A small amount of the powder was dispersed in anhydrous alcohol and dripped onto copper gauze. The composition of the Fe₃O₄ was determined by scanning electron microscopy-energy dispersive x-ray spectroscopy (SEM-EDS, testing conditions: accelerating voltage, 15 kV; takeoff angle, 25.6934°; live time, 210 seconds; dead time, 13,658 seconds).

Magnetic performance testing

A vibrating sample magnetometer was used to measure the magnetic hysteresis of the Fe₃O₄ nanoparticles at 300 K under an applied field of ±5000 g.

In vitro heating of Fe₃O₄

The procedure used by Tang et al⁷ was followed, according to which Fe₃O₄ nanoparticles are dispersed in 150 mM NaCl and diluted to various concentrations (0.5, 1.0, 1.5, 2.0, and 2.5 mg/mL). A 5 mL sample of fluid was placed in a 60 mm diameter dish and then exposed to a high-frequency alternating electromagnetic field (SPG-06A). The temperature of the fluid was measured at 10-minute intervals over an irradiation time of 60 minutes. The distance between the bottom of the dish and the center of the hyperthermia coil of the high- frequency electromagnetic field was 5 mm. The magnetic field frequency and intensity were 230 kHz and 28 A, respectively. Each experiment was carried out in triplicate.

Biocompatibility of Fe₃O₄ nanoparticles

Culture of L-929 cells

L-929 cells (mouse fibroblasts, ATCC CCLl, NCTC clone 929; American Tissue Culture Collection, Manassas, VA) were cultured in RPMI 1640 medium containing 10% fetal calf serum at 37°C in a 5% CO₂/95% air incubator at 95% humidity.

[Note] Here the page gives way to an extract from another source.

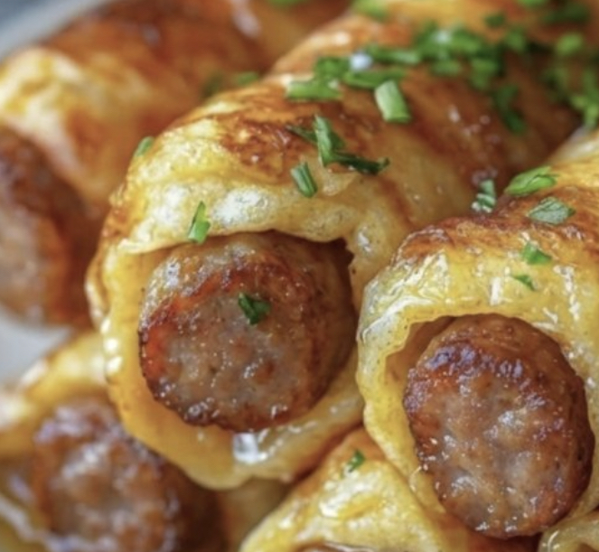 This recipe takes the classic “pigs in a blanket” concept—typically sausages wrapped in crescent roll dough—and gives it a breakfast twist by using homemade pancake batter. The result is a soft, fluffy exterior that perfectly complements the savory, slightly salty breakfast sausage inside.
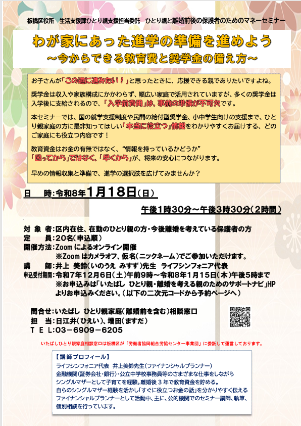 母子世帯養育援助金(公益財団法人 重田教育財団) 募集期間 2025年11月1日~12月26日必着 母子のひとり親家庭が対象の返済不要の援助金のご案内です。 支給額は、6歳以下のお子様1名につき20万 …

In vitro evaluation of cytotoxicity

MTT assays were performed to evaluate whether the Fe₃O₄ nanoparticles were biocompatible and suitable for biomedical application. The Fe₃O₄ was treated with low temperature intermittent sterilization, and RPMI 1640 culture medium containing 10% calf serum was then added to it in a sterile closed vessel (final concentration 0.1 g/mL). Leaching conditions were 37°C over 72 hours. The samples were then centrifuged at 1250 g for 5 minutes, the supernatant was removed by suction and filtered through a microporous filter, and its pH was adjusted to 7.0–7.2 using 1 M HCl to provide a 100% leach solution. During the test, the RPMI 1640 culture medium was diluted to the required concentration. L-929 cells were removed during their logarithmic growth phase and digested in the cell suspension; the cell concentration was next adjusted to 5 × 10⁴/mL and inoculated on a 96-well culture plate at 100 μL/well. The sample was cultured in a culture box at 37°C under saturated humidity and 5% CO₂ conditions. The primary solution was discarded after 24 hours, at which time the leaching solution was added until the final concentration was 100%, 75%, 50%, and 25%. The RPMI 1640 culture inoculum was used as the negative control, and a 0.7% polyacrylamide monomer solution was used as the positive control. Each group comprising eight wells was cultured for 72 hours, and 20 μL of MTT was then added into each well and vibrated for 10 minutes. The absorbance value was measured at 493 nm using an immunoenzyme labeler (note that the literature cites various values for the wavelength of maximum absorbance; when dimethyl sulfoxide was used as a solvent to dissolve MTT crystals and form a purple solution, the maximum absorbance occurred at about 490–515 nm, and the test reported herein used 493 nm). The relative cell growth rate was calculated as follows: relative growth rate % = OD (Optical Density) mean value of test group/OD mean value of negative control group × 100%. The relative growth rate value was converted into a six-level reaction scheme, as indicated in Table 1. A level 0 or 1 reaction is acceptable, whereas a level 2 reaction should be assessed comprehensively considering cell morphology, and a level 3–5 reaction is unacceptable.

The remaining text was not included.